Record year for London commercial property market

This year the commercial property market in central London is set to exceed £20 billion of transactions and may well surpass the record set in 2014 of £21.6 billion, according to the property adviser Savills. Their data reveals that the first nine months of the year saw £14.2 billion of completed transactions with buyers coming from no less than 27 different countries.

Commenting on their findings, Stephen Down from Savills was quoted as saying: “UK real estate, particularly prime assets with strong income streams in the capital, continues to appeal to a broad spectrum of international investors, while outside this sphere of interest there is also demand from a broad professional investor base . . . ”

Given that over the last five years, Q4 transactions have averaged £6.6 billion, the prospect of this region surpassing the record has led Savills to predict that 2017 volumes could “easily exceed” the previous record.

Further Endorsement for post-Brexit UK property market

‘WeWork’ the $20bn (£15.2bn) USA-headquartered space provider, has committed to £2bn of leases in the UK to be taken up over the next 25 years, adding to their 25 offices in London and two buildings in Manchester.

Their business model does not entail owning property, rather they lease building space, either whole buildings or floors within existing properties. They then fit out their space as co-working communes where just single, or multiple desk space or individual offices are then rented out.

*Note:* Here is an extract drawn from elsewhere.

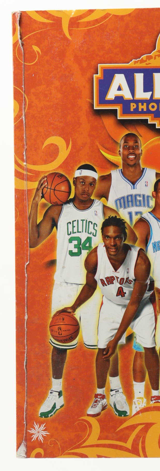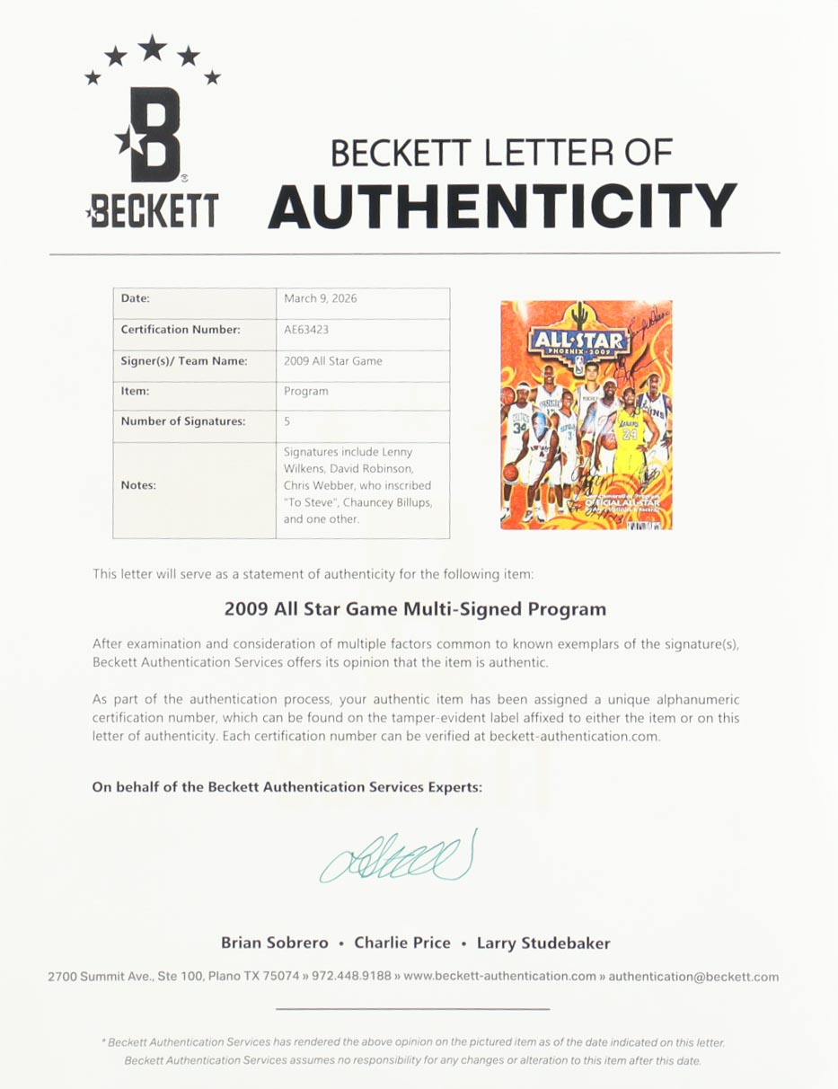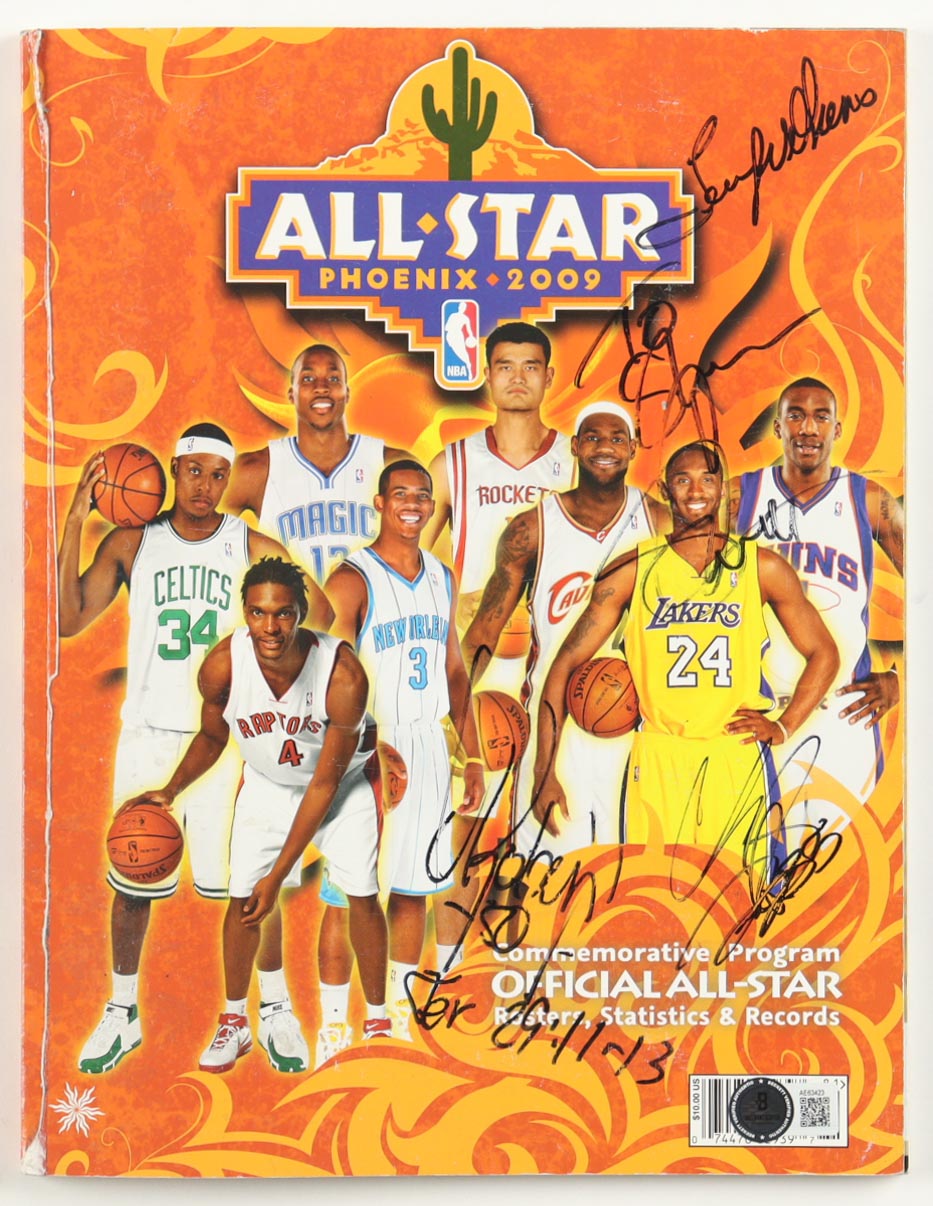 2009 NBA All-Star Game commemorative program magazine has been hand-signed on the front cover by Lenny Wilkens, David Robinson, Chris Webber, Chauncey Billups, and one other. Please note the cover is damaged, see photos for more details.

Their existing UK lease commitments equate to £1bn up to the year 2042, with an additional £1bn of deals extending out to 2038. All of these leases have been initiated since 2016.

This reflects a tremendous endorsement of their commitment to the UK economy stretching well beyond Brexit.

A spokesperson for WeWork commented: “We’re committed to London – it has been a centre for commerce for centuries and always will be, and that’s why we’re investing here. Like all big changes, Brexit will create challenges and opportunities, and we think our members recognise that.”

In addition, the renowned financial advisory firm Lazard, have initiated a search for a new London office, as the lease on their Mayfair office draws to a close. Another indication of a large firm’s commitment to the capital.

Office demand from TMT sector continues to grow

A research paper issued by Knight Frank, focussing on M25 office investment, development and occupier markets in Q3, outlines growing demand from the Telecoms, Media and Technology (TMT) sector. Over a quarter (28%) of office take-up across the South East can be attributed to the TMT sector. The principal focus of activity has been the M4 corridor, which has a long association with technological company presence.

In the year to date, TMT firms represent 37% of total take-up in the M4 corridor, a vast area stretching from London to South Wales. This is the highest percentage increase in take-up since 2000. The rise in tech demand means that take-up in the M4 is consistent with the long-term market trend.